“There are 1,043 school districts in Texas; we need to put the ‘independent’ back in the independent school districts,”
Texas Insider Report: AUSTIN, Texas – “The Texas Conservative Coalition Pledge has been around for a couple Sessions, its similar to the Congressional ‘Contract With America’, and now its the ‘2017 Pledge With Texans’ where we’re asking members to sign and support our L.I.F.T. Principles of: Limited Government, Individual Liberties, Free Enterprise & Traditional Values,” said Jason Isaac, vice chair of the Texas Conservative Coalition & State Representative from House Dist. 45. “We’ve broken down ‘The Pledge’ into 6 areas where we want to focus, and we’re going to file legislation,” Isaac tells Insider’s Jim Cardle.

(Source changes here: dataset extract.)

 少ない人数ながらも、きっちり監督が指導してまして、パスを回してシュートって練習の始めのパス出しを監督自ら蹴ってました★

“Governor Abbott said at the end of the last session that it was the most conservative session that we’ve ever had, and we feel like that was due, or attributed to, our leadership in the Senate, our leadership in the House, and the members of the Texas Conservative Coalition.
“To become a member you have to have met a certain threshold score, to meet certain conservative requirements. If you meet them, you’re considered a ‘Conservative Champion’ and we try to travel around the state and celebrate our success and let voters know that they have a truly conservative representative that’s made the grade,” Isaac said.

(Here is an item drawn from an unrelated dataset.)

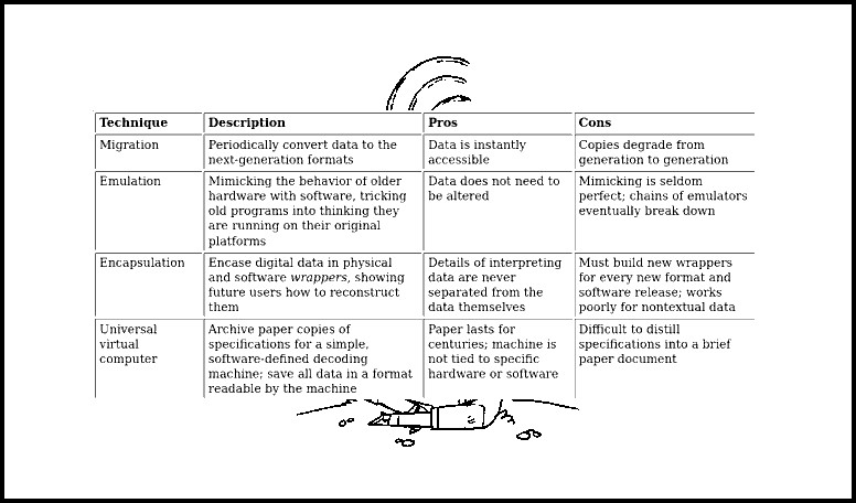 In the above image are four philosophies of digital data preservation, they all have their flaws. Data preservation is a somewhat new field, we don't know what sort of data we'll be able to recover in a hundred years, but from the experiments that we've looked at, it doesn't look good. The BBC had a project where they were trying to mimic one of their longest lasting books, the Domesday book. It was written by monks a few hundred years ago. The BBC's thinking was that we still have this book today, we can still read it, do we have technology to make something like this? Is it possible to record our way of life today, so that people in a thousand years can see how we lived? They created the BBC Domesday, a disc that contained music, movies, and scientific papers. Then 10 years later, it was an unreadable, people forgot how to decrypt and decompile the disc. It seemed that there was no real way to preserve data long-term, and so we decided to try our own little experiment.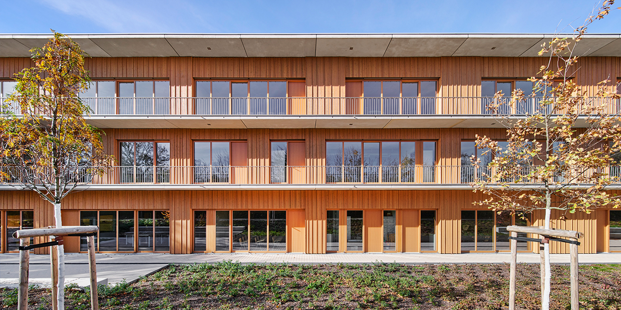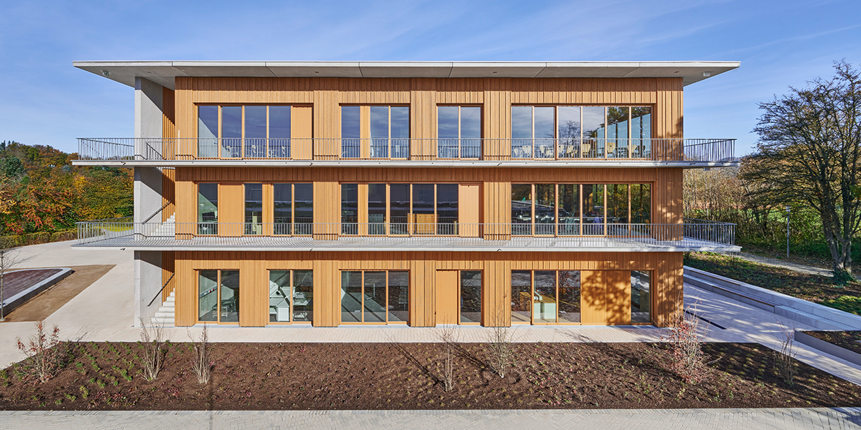 Der Entwurf berücksichtigt nicht nur ökologische Ziele: …. mit integrierter Solarnutzung auf leicht geneigten Dächern, mit geringer Außenhülle und witterungsgeschützten Holzfassadenmodule, mit austarierter Tageslichtführung…… sondern verfolgt auch eine effiziente und rationelle Fertigung, besonders im Fassadenbereich, und dadurch kürzere Bauzeit.

“The Texas Conservative Coalition is made up of members of the legislature that get together, and work together, to either pass bills or kill bills that we don’t think align with our L.I.F.T. Principles.”
“But now they say that, with the STAAR test, they’re spending 46 days of the school year preparing kids to take the test. That’s a quarter of the school year preparing kids to take the test, when they should be focusing on preparing them for their future.

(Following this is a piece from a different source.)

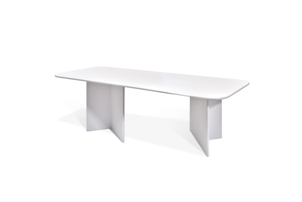 Soft Curve é uma mesa de desenho limpo e minimalista. A materialidade fria do lacado de aspeto quase clínico é apaziguada pelas linhas curvilíneas que a delineiam. A própria proporção e design da peça confere uma diversidade de utilizações/funções fugindo à exclusividade de mesa de jantar.

“So I’m all for empowering what we call ‘independent school districts’, that actually have a diminishing level of independence these days… or, our school board members that are ironically called trustees, but yet we place little trust in them to manage their districts. So we’re working on some reform ideas that will give individual districts the ability to choose a nationally-normed, standardized test that meets our state laws, meaning no Common Core,” said Isaac.
“There are 1,043 school districts in Texas; we need to put the independent back in the independent school districts,” Isaac said.